The configuration is specific to the filter with the given name. The available filters can be found in this documentation, and in /src/api/allelefilter/allelefilter.py.

# Exceptions

For each filter, we can specify a list of exceptions, i.e. rules for when the filter should not apply. Many filter rules can be used both as filters or as exception to other filters.

To specify exceptions to the config above, we add the exceptions key to the config:

{
  "name": "FilterA",
  "config": {
    "<FilterA specific config key>": "<FilterA specific config value>"
  },
  "exceptions": [
    "name": "FilterB",
    "config": {
      "<FilterB specific config key>": "<FilterB specific config value>"
    }
  ]
},

This will first run FilterA with the given config, and, before filtering out variants, it will exclude from filtering the variants caught by FilterB with the given config.

# Filter chains

Filters can be chained together to create a filter chain. This will run filters in the order specified.

"filterconfig": {
    "filters": [
        {
          "name": "FilterA",
          "config": {
            "<FilterA specific config key>": "<FilterA specific config value>"
          },
          "exceptions": [
            "name": "FilterB",
            "config": {
              "<FilterB specific config key>": "<Value suitable for exception>"
            }
          ]
        },
        {
          "name": "FilterB",
          "config": {
            "<FilterB specific config key>": "<FilterB specific config value>"
          },
          "exceptions": [
            "name": "FilterB",
            "config": {
              "<FilterB specific config key>": "<Value suitable for exception>"
            }
          ]
        },
    ]
}

This filter config specifies to first run FilterA on all passed variants/analysis variants, then run FilterB on the variants not filtered by FilterA. Note that both filters have FilterB as an exception.

# Update filter configuration

To update the filter configurations, run the following command:

ella-cli filterconfigs update <path to filterconfigs.json>

# Available filters and examples

A set of filters are implemented in ELLA, and are described below. The modularity of these filters makes is easy to construct complex filter chains, and reasonably easy to implement new filters. Most filters can be used either as a normal filter (filtering out variants) or as an exception to another filter (rescuing variants that would normally be filtered).

See also /src/vardb/testdata/filterconfigs.json for examples of a complete setup. The schema is located in /src/vardb/datamodel/jsonschemas/filterconfig_v2.json.

# Classification filter

The classification filter filters out or rescues alleles that have an existing classification in the in-house database.

WARNING

The classification filter does not separate between outdated or still valid classifications.

# Configuration

  • Classes (classes): List classifications to consider. Must be a subset of the available classes in ELLA.
# Example

This configuration will filter out alleles with class 1 and 2 (change to e.g. "classes": ["4", "5"] to instead rescue alleles with class 4 and 5).

{
    "name": "classification",
    "config": {
        "classes": ["1", "2"]
    }
}

# Consequence filter

The consequence filter filters out or rescues alleles that are annotated with specific consequences from VEP (opens new window).

TIP

Since any given variant can be annotated with many different consequences, this is typically also used as a filter exception on itself. This is done to avoid filtering out variants that are e.g. synonymous in one transcript, but stop_gained in another.

# Configuration

  • Consequences (consequences): List consequences to use. Must be a subset of the available VEP consequences (opens new window).

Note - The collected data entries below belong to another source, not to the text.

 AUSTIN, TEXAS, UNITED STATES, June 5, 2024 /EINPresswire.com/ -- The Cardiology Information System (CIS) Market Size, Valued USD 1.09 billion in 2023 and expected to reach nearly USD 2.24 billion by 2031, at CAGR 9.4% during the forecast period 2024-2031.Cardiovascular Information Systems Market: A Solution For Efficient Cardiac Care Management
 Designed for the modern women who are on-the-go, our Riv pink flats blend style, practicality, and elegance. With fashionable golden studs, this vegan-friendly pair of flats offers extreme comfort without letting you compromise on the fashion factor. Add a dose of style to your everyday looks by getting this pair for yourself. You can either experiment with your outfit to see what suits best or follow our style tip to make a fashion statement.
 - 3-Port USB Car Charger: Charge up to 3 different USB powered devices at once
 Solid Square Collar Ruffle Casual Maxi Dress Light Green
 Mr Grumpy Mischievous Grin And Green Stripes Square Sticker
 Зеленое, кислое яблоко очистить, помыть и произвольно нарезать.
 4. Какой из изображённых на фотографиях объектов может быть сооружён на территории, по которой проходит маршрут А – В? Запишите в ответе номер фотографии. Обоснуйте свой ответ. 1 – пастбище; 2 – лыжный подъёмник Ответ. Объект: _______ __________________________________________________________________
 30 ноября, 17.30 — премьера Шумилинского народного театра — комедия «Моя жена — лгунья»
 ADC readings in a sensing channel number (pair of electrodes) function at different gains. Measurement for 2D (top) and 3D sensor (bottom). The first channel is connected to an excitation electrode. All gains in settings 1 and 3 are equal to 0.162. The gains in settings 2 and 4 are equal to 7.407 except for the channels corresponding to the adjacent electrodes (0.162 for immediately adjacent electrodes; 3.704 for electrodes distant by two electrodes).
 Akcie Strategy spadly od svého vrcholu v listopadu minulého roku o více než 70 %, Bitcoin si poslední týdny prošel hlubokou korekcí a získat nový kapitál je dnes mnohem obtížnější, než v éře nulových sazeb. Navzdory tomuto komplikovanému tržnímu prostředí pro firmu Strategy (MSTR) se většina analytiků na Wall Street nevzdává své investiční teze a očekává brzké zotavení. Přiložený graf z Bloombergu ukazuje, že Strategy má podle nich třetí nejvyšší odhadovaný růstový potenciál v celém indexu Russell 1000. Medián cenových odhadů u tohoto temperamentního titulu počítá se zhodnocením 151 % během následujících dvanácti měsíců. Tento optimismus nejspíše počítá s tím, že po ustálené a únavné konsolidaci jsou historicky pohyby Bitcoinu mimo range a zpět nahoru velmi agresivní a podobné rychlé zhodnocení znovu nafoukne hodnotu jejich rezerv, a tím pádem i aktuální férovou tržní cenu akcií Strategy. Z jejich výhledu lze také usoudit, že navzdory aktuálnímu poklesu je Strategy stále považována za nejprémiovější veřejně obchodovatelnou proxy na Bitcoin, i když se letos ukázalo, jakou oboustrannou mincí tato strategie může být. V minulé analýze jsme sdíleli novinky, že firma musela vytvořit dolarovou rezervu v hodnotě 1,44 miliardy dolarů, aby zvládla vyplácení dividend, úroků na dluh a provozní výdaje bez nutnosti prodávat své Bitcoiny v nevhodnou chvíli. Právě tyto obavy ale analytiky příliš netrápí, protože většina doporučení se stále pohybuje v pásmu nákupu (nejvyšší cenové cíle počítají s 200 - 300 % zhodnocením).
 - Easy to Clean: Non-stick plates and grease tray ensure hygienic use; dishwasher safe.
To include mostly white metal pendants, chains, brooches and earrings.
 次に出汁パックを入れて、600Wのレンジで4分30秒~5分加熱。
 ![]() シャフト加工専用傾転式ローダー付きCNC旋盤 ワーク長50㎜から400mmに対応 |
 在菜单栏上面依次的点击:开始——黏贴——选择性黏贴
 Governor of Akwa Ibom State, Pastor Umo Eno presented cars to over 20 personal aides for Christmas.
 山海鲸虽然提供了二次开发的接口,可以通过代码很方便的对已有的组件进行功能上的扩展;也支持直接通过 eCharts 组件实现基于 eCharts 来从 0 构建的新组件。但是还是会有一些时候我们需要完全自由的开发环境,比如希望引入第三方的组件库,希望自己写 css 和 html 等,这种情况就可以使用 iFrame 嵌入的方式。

  • Gene panel only (genepanel_only): Specify if only consequences in genes within the current gene panel should be included (true/false)

# Example

This configuration will filter out variants that are annotated as either synonymous_variant, stop_retained_variant or start_retained_variant.

{
  "name": "consequence",
  "config": {
      "genepanel_only": false
      "consequences": ["synonymous_variant", "stop_retained_variant", "start_retained_variant"]
  }
}

# External filter

The external filter filters out or rescues alleles based on annotation from HGMD and/or ClinVar.

TIP

If you only want to use one of the databases, just omit the other key (hgmd or clinvar).

# Configuration

  • ClinVar:

    • Number of stars (num_stars): Specify a comparison operator (>/</=) and a number (1-4) corresponding to number of stars in ClinVar (opens new window).
    • Combinations (combinations): Specify combinations of criteria to compare. Given as source, operator and target.
    • Inverse (inverse): Apply to alleles NOT fulfilling the given criteria (default False).
  • HGMD:

    • Tags (tags): List HGMD variant tags to use (one or more of DM/DM?/FTV/DP/DFP/FP).
    • Inverse (inverse): Apply to alleles NOT fulfilling the given criteria (default False).
# Example

This configuration is useful for exceptions, and will rescue alleles where each of these criterions are fulfilled:

  • The variant is in ClinVar and the number of stars is two or more.
  • The number of pathogenic or likely pathogenic submissions are greater than the number of benignor likely benign submissions.
  • The variant is in HGMD with the tags DM or DM?.
{
    "name": "external",
    "config": {
        "clinvar": {
            "num_stars": [">=", 2],
            "combinations": [["pathogenic", ">", "benign"]],
            "inverse" False,
        },
        "hgmd": {
            "tags": ["DM", "DM?"],
            "inverse" False,
        }
    }
}

# Frequency filter

The frequency filter filters out alleles based on their population allele frequency.

May use different frequency thresholds for different data set groups (data provider/sub-population) and/or inheritance mode. Also supports setting thresholds for number of actual observations required in the data set.

NOTE

This filter cannot be used as an exception filter.

# Configuration

  • Filter groups (groups): Categorize data set providers (e.g. gnomAD) and their sub-populations in groups, which can be referred to when specifying thresholds. A group external could for instance consist of gnomAD with sub-populations G, AMR and AFR. This can e.g. be used to separate internal in-house and external data sets.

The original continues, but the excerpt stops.